A variety of different value functions are used in experimental design~\cite{pukelsheim2006optimal}; almost all make use of the covariance $(\T{X_S}X_S)^{-1}$ of the estimator $\hat{\beta}$. A value function preferred because of its relationship to entropy is the \emph{$D$-optimality criterion}: %which yields the following optimization problem
\begin{align}
 V(S) &= \frac{1}{2}\log\det \T{X_S}X_S \label{dcrit} %\\
\end{align}
As $\hat{\beta}$ is a multidimensional normal random variable, the
$D$-optimality criterion is equal (up to a constant) to the negative of the
entropy of $\hat{\beta}$. Hence, selecting a set of experiments $S$ that
maximizes $V(S)$ is equivalent to finding the set of experiments that minimizes
the uncertainty on $\beta$, as captured by the entropy of its estimator.

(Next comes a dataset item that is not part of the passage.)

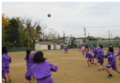
2年ドッジボールの様子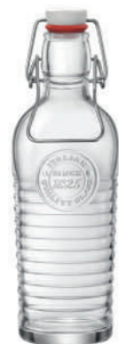
BOTTIGLIA 75 CL* BOTTLE 25 1/4 OZ

78 cl - 26 1/4 oz h 247 mm - 9 3/4" Max. Ø 85,9 mm - 3 1/2" CT6 - Q.P. 408 ◊ 5.40626

%As discussed in the next section, in this paper, we work with a modified measure of information function, namely 
%\begin{align}
%V(S) & = \frac{1}{2} \log\det \left(I + \T{X_S}X_S\right)
%\end{align}
%There are several  reasons

 Value function \eqref{dcrit} is undefined when $\mathrm{rank}(\T{X_S}X_S)<d$; in this case, we take $V(S)=-\infty$ (so that $V$ takes values in the extended reals).
Note that \eqref{dcrit} is a submodular set function, \emph{i.e.}, 
$V(S)+V(T)\geq V(S\cup T)+V(S\cap T)$ for all $S,T\subseteq \mathcal{N}$; it is also monotone, \emph{i.e.}, $V(S)\leq V(T)$ for all $S\subset T$. %In addition, the maximization of convex relaxations of this function is a  well-studied problem \cite{boyd}.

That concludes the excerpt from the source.